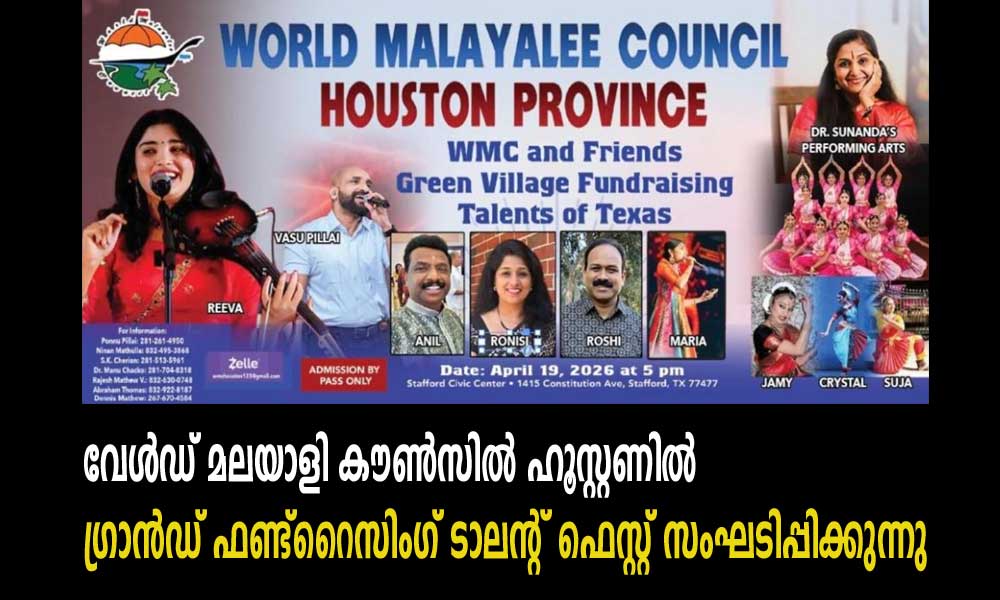 ഹൂസ്റ്റൺ, ടെക്സസ്- 2026 ഏപ്രിൽ 19 ഞായറാഴ്ച പ്രശസ്തമായ സ്റ്റാഫോർഡ് സിവിക് സെന്ററിൽ നടക്കുന്ന കിടിലോൽക്കിടിലമായ ഫണ്ട്റൈസിംഗ് ടാലന്റ് ഫെസ്റ്റ് വേൾഡ് മലയാളി കൗൺസിൽ അഭിമാനത്തോടെ നിങ്ങളുടെ ശ്രദ്ധയെ ക്ഷണിക്കുന്നു.
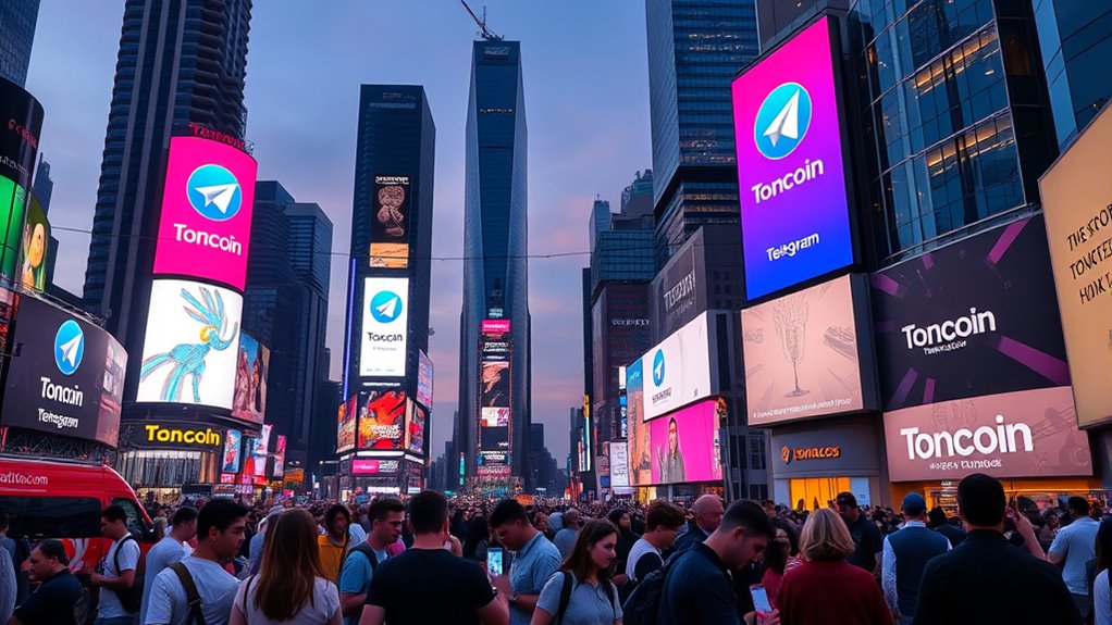 By using Toncoin within Telegram, you can turn your chats into a secure and convenient financial ecosystem. This integration simplifies managing digital assets directly from your messaging app, making transactions easy and private. It encourages mass adoption by lowering barriers, so more people can participate in crypto without external exchanges or wallets. If you keep exploring, you’ll discover how this innovative approach is driving digital finance into everyday communication.
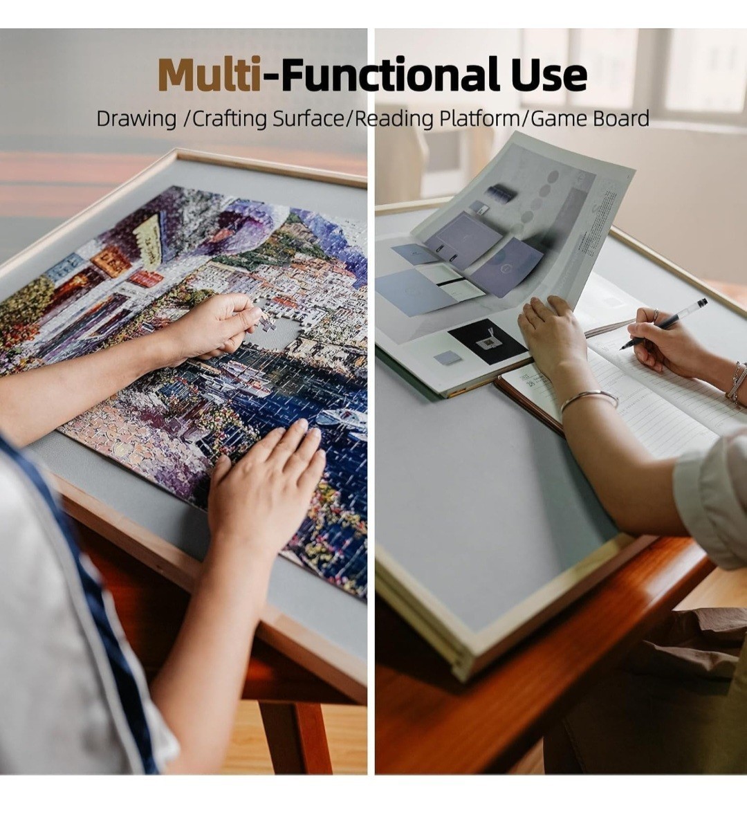 Easy-Clean Non-Slip Work Surface: Enjoy a fuss-free puzzling experience on our Oxford cloth tabletop crafted with anti-tear composition. Engineered for easy cleaning, the surface of jigsaw puzzle table ensures your puzzle pieces glide smoothly and won't warp or bend when you are assembling, and even when tilted, the non-slip nature guarantees they stay right where you want them. Dive into an uninterrupted and secure puzzle session every time
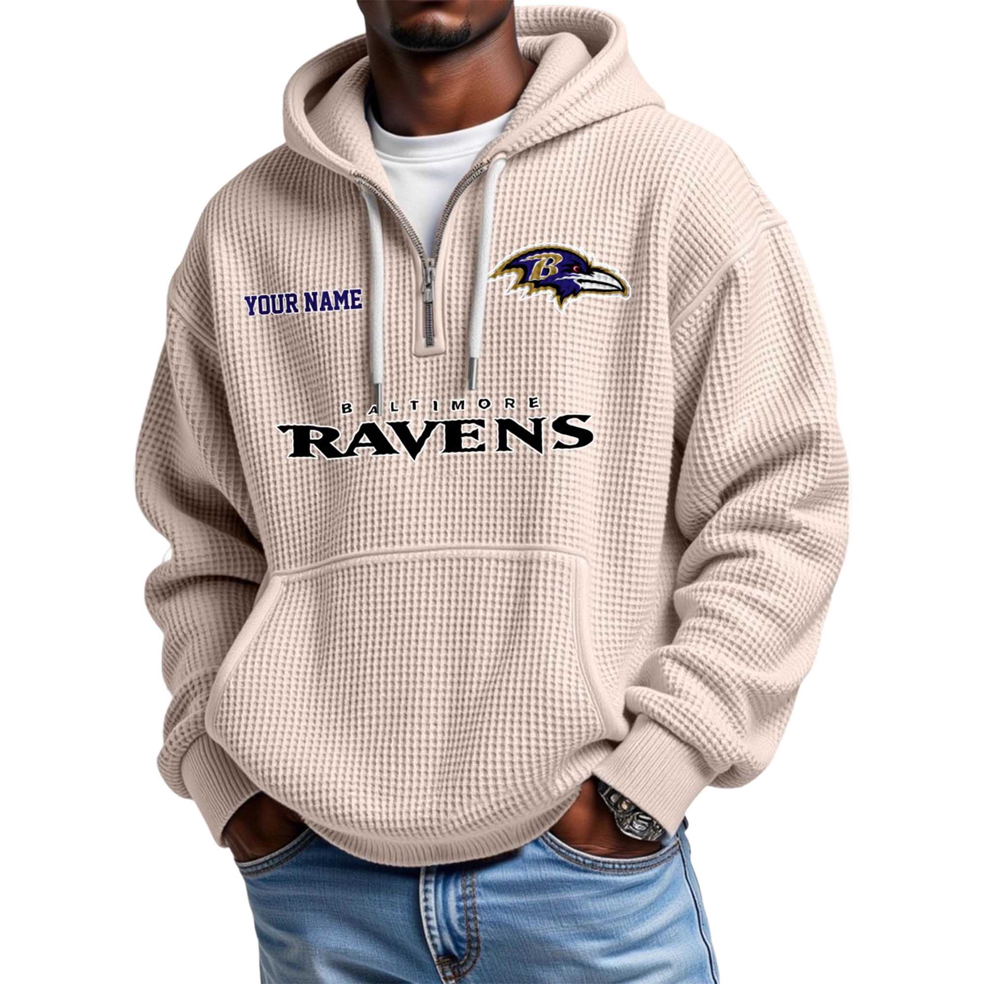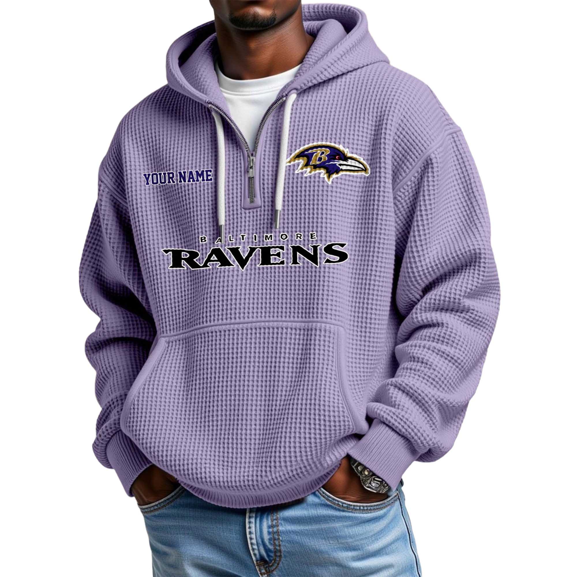 The Ravens Personalized Quarter Zip Waffle Hoodie reflects the growing shift in fan apparel toward personalized and lifestyle-focused designs. Based on the provided image, this hoodie combines Ravens identity with everyday comfort, appealing to fans who want a trendy, easy-to-wear, and meaningful outfit. Custom name detailing is becoming a key trend, allowing fans to express their loyalty in a more personal way.
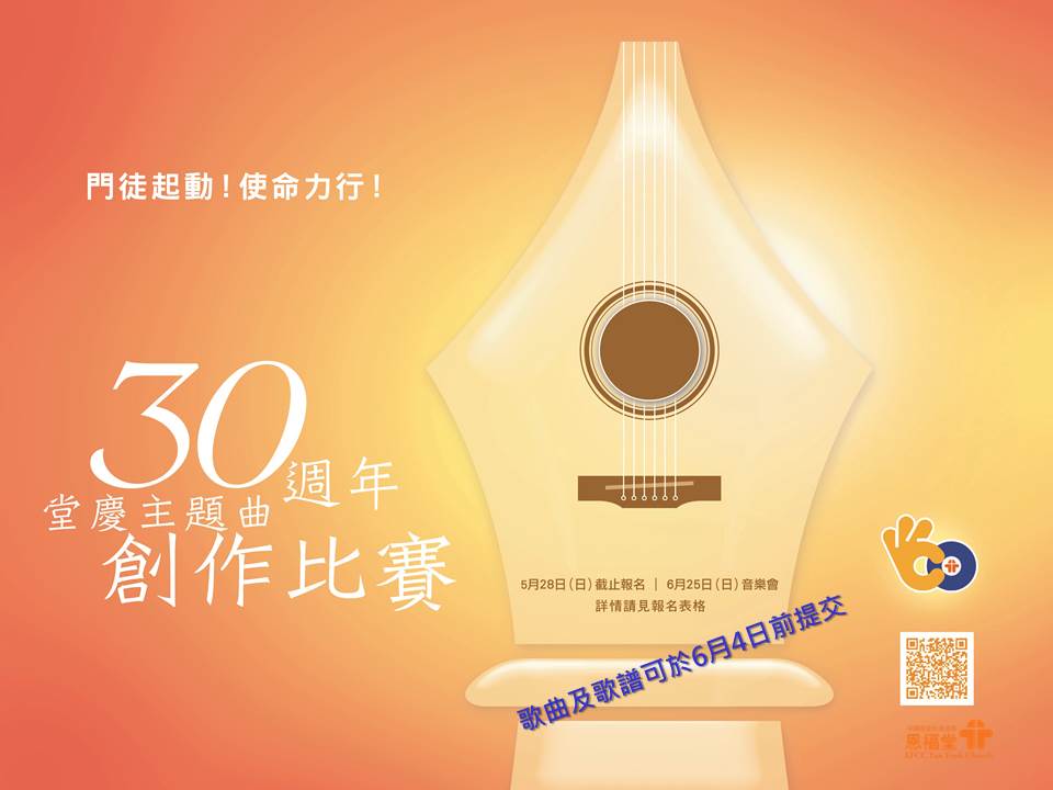 2017年是恩福堂踏入30週年的大日子,從「方方」年代到今天的「永明」,恩福堂一直經歷著神莫大的恩典。作為其中一個30週年堂慶活動,30週年主題曲創作比賽盼望透過創作,以歌詞鼓勵弟兄姊妹回應堂慶主題──門徒起動!使命力行!全民投入實踐門徒生命的服侍。
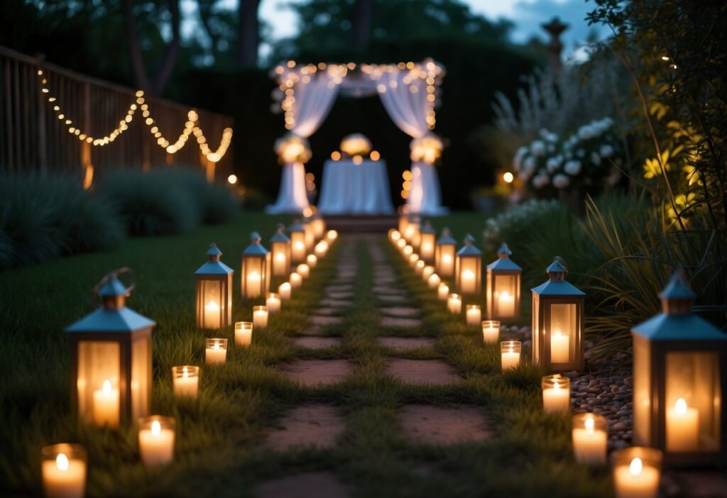 Candle-lit pathways add a soft, warm glow that guides guests through the backyard space. Using lanterns or votive candles creates a charming and inviting atmosphere for the wedding.
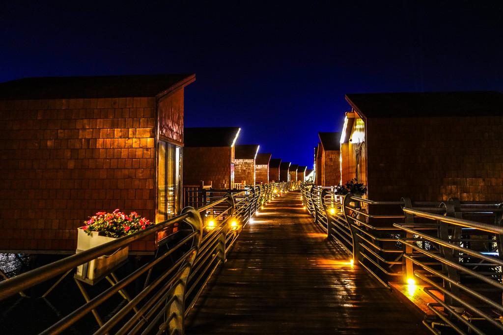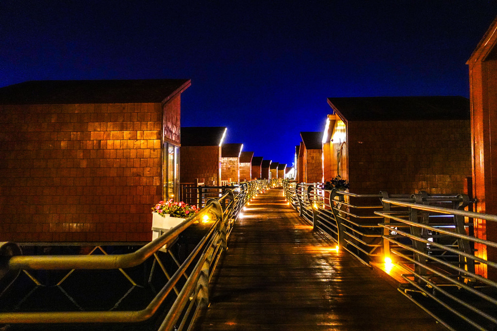 海上生明月,天涯共此时,万盏灯火点亮了渤海湾上的那颗明珠,抬头仰望,仿佛那天上的明月也感应到了人间的那湾“晓月”,露出月牙般的笑脸,俯瞰华灯初上的月坨岛。这里小木屋、别墅成群,设计者还为他们起了如诗的美名,"月乡水榭"沿着木栈道,从高处俯瞰,犹如一张编织的巨大渔网洒落在月岛之上。
=-=-=
• **Problem to solve**: The line holding "Easy-Clean Non-Slip Work" starts the copy and the line holding "The Ravens Personalized" ends it. Repeat those two lines above and all between them exactly, leaving out pictures.

• **Exercise answer**:
 Easy-Clean Non-Slip Work Surface: Enjoy a fuss-free puzzling experience on our Oxford cloth tabletop crafted with anti-tear composition. Engineered for easy cleaning, the surface of jigsaw puzzle table ensures your puzzle pieces glide smoothly and won't warp or bend when you are assembling, and even when tilted, the non-slip nature guarantees they stay right where you want them. Dive into an uninterrupted and secure puzzle session every time
 The Ravens Personalized Quarter Zip Waffle Hoodie reflects the growing shift in fan apparel toward personalized and lifestyle-focused designs. Based on the provided image, this hoodie combines Ravens identity with everyday comfort, appealing to fans who want a trendy, easy-to-wear, and meaningful outfit. Custom name detailing is becoming a key trend, allowing fans to express their loyalty in a more personal way.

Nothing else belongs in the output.